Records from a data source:
***

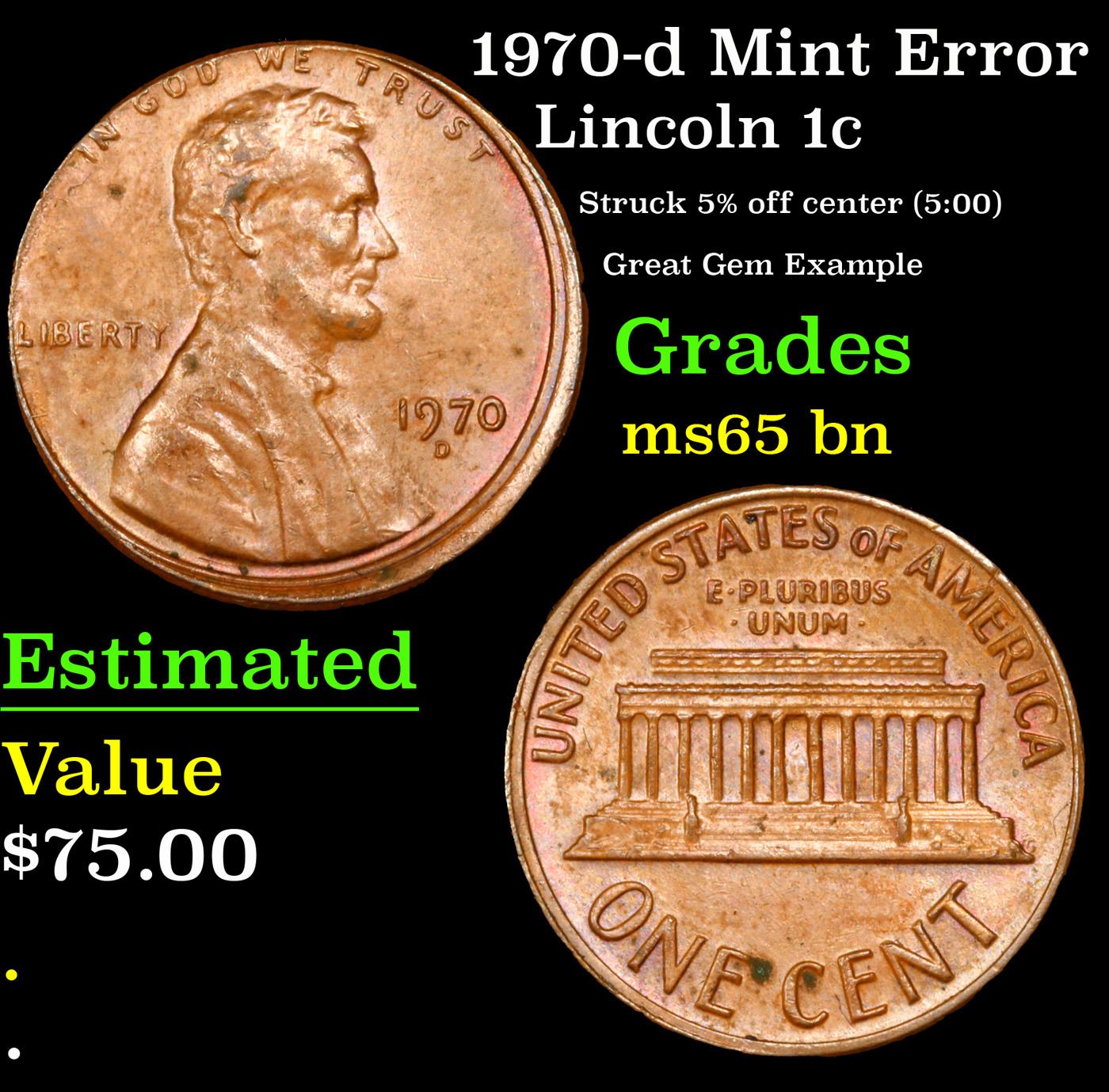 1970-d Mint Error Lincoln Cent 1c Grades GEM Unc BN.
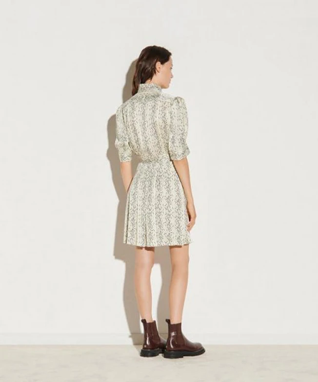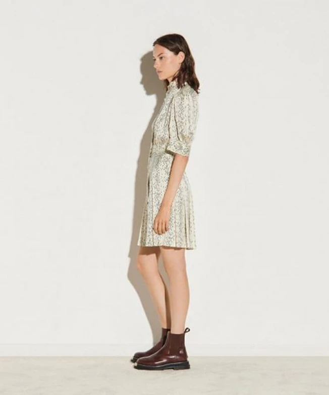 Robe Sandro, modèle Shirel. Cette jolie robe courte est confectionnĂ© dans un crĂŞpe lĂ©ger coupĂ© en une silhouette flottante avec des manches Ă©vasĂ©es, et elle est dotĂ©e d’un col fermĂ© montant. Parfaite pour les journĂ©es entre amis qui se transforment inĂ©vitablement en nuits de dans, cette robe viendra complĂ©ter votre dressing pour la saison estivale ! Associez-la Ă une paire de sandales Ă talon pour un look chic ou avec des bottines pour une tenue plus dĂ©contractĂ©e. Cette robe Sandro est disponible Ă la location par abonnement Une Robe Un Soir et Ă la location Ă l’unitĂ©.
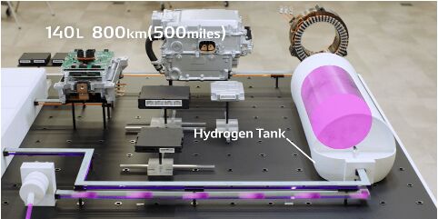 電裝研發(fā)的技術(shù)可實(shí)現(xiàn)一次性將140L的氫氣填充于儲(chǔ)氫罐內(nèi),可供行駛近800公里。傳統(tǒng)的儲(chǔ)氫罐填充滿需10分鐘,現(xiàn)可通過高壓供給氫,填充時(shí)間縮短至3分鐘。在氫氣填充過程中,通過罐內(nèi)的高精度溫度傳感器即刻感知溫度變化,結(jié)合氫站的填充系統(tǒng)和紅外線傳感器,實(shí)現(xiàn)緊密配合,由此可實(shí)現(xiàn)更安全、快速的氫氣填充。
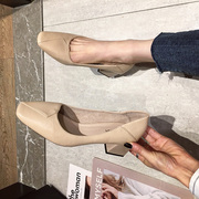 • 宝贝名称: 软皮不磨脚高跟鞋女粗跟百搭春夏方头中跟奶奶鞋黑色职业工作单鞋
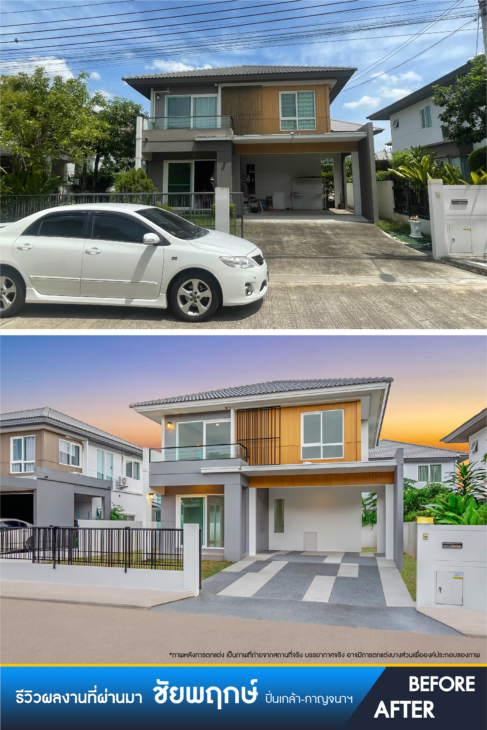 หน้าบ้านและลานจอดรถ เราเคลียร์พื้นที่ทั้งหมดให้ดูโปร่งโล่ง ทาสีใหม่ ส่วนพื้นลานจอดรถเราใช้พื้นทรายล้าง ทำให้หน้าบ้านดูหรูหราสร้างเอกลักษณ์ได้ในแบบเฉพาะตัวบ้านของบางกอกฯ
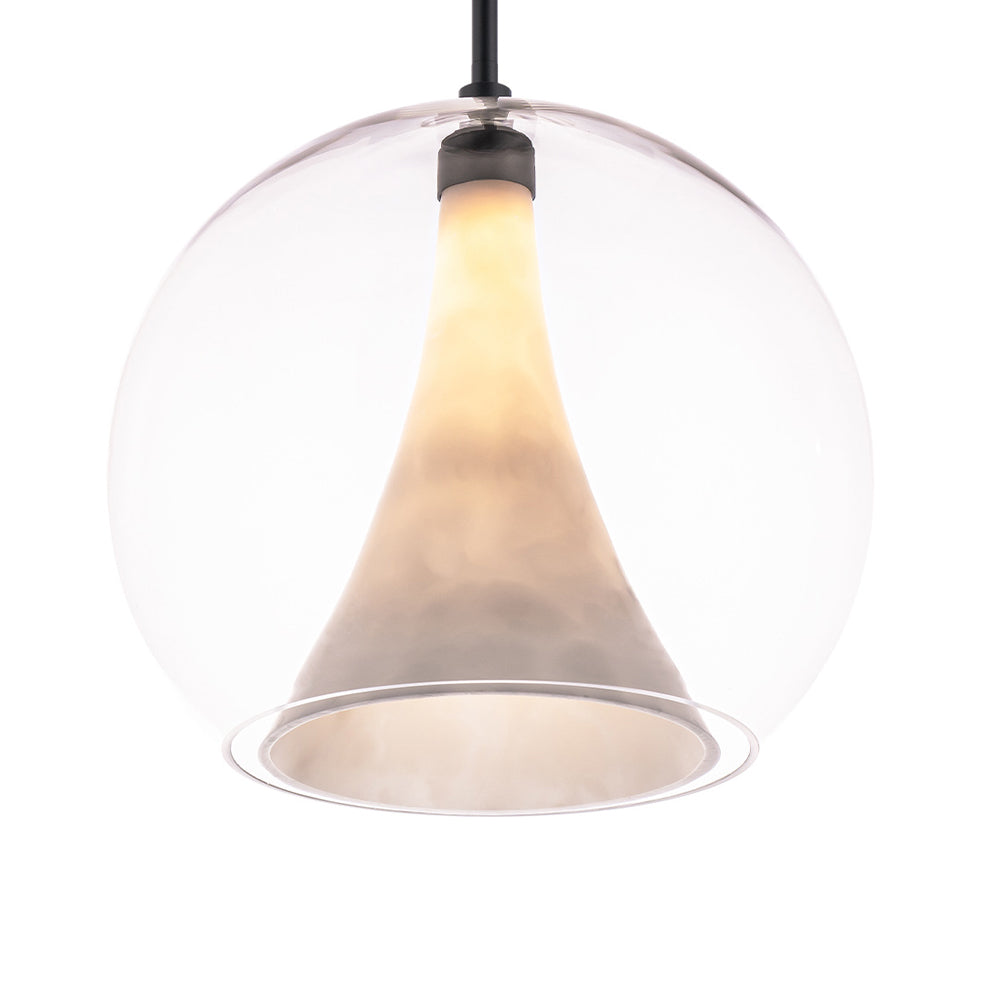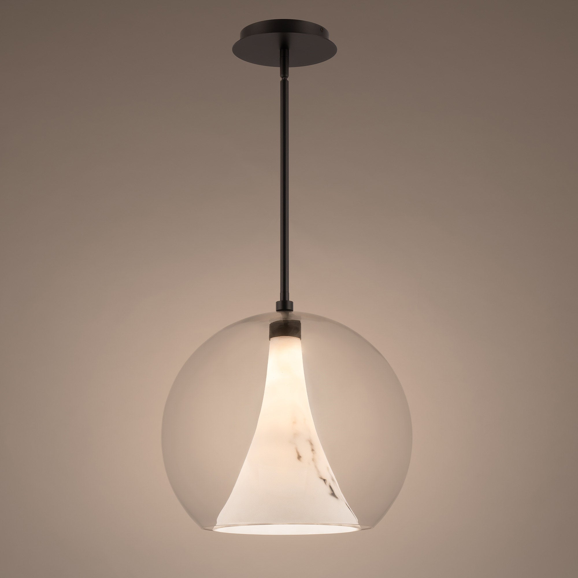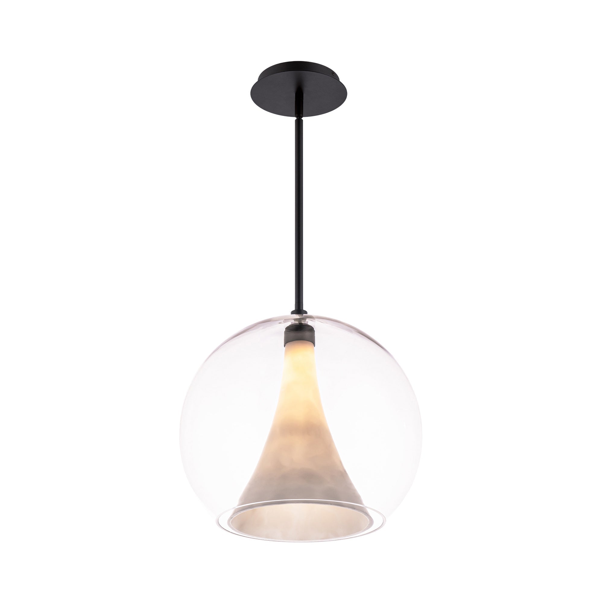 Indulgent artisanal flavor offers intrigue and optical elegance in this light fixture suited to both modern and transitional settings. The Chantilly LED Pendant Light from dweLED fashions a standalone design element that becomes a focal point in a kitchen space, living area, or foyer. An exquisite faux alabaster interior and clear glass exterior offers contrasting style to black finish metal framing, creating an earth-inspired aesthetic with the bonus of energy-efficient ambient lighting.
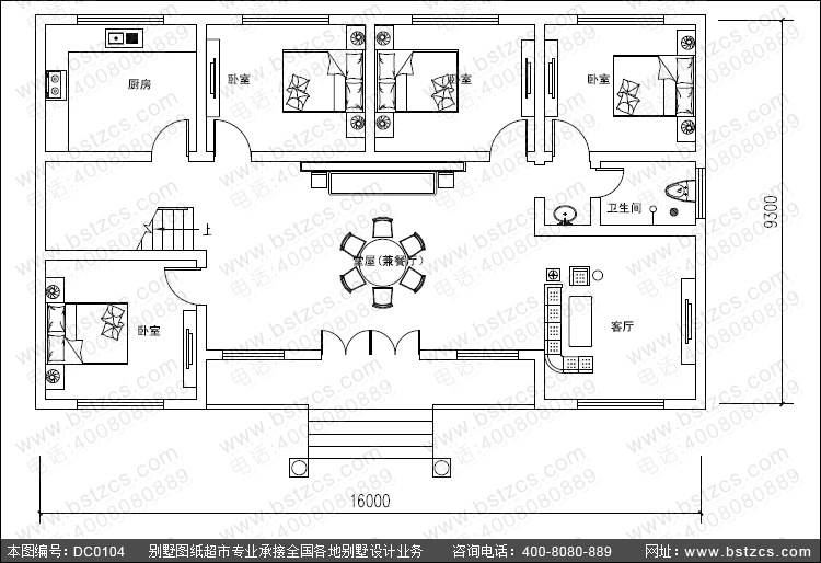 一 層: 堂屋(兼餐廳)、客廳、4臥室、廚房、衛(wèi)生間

***

_Task directions_: Pictures stay out. Print the data exactly, from its first line through the line containing "Robe Sandro, modèle".

_Solution to this task_:
 1970-d Mint Error Lincoln Cent 1c Grades GEM Unc BN.
 Robe Sandro, modèle Shirel. Cette jolie robe courte est confectionnĂ© dans un crĂŞpe lĂ©ger coupĂ© en une silhouette flottante avec des manches Ă©vasĂ©es, et elle est dotĂ©e d’un col fermĂ© montant. Parfaite pour les journĂ©es entre amis qui se transforment inĂ©vitablement en nuits de dans, cette robe viendra complĂ©ter votre dressing pour la saison estivale ! Associez-la Ă une paire de sandales Ă talon pour un look chic ou avec des bottines pour une tenue plus dĂ©contractĂ©e. Cette robe Sandro est disponible Ă la location par abonnement Une Robe Un Soir et Ă la location Ă l’unitĂ©.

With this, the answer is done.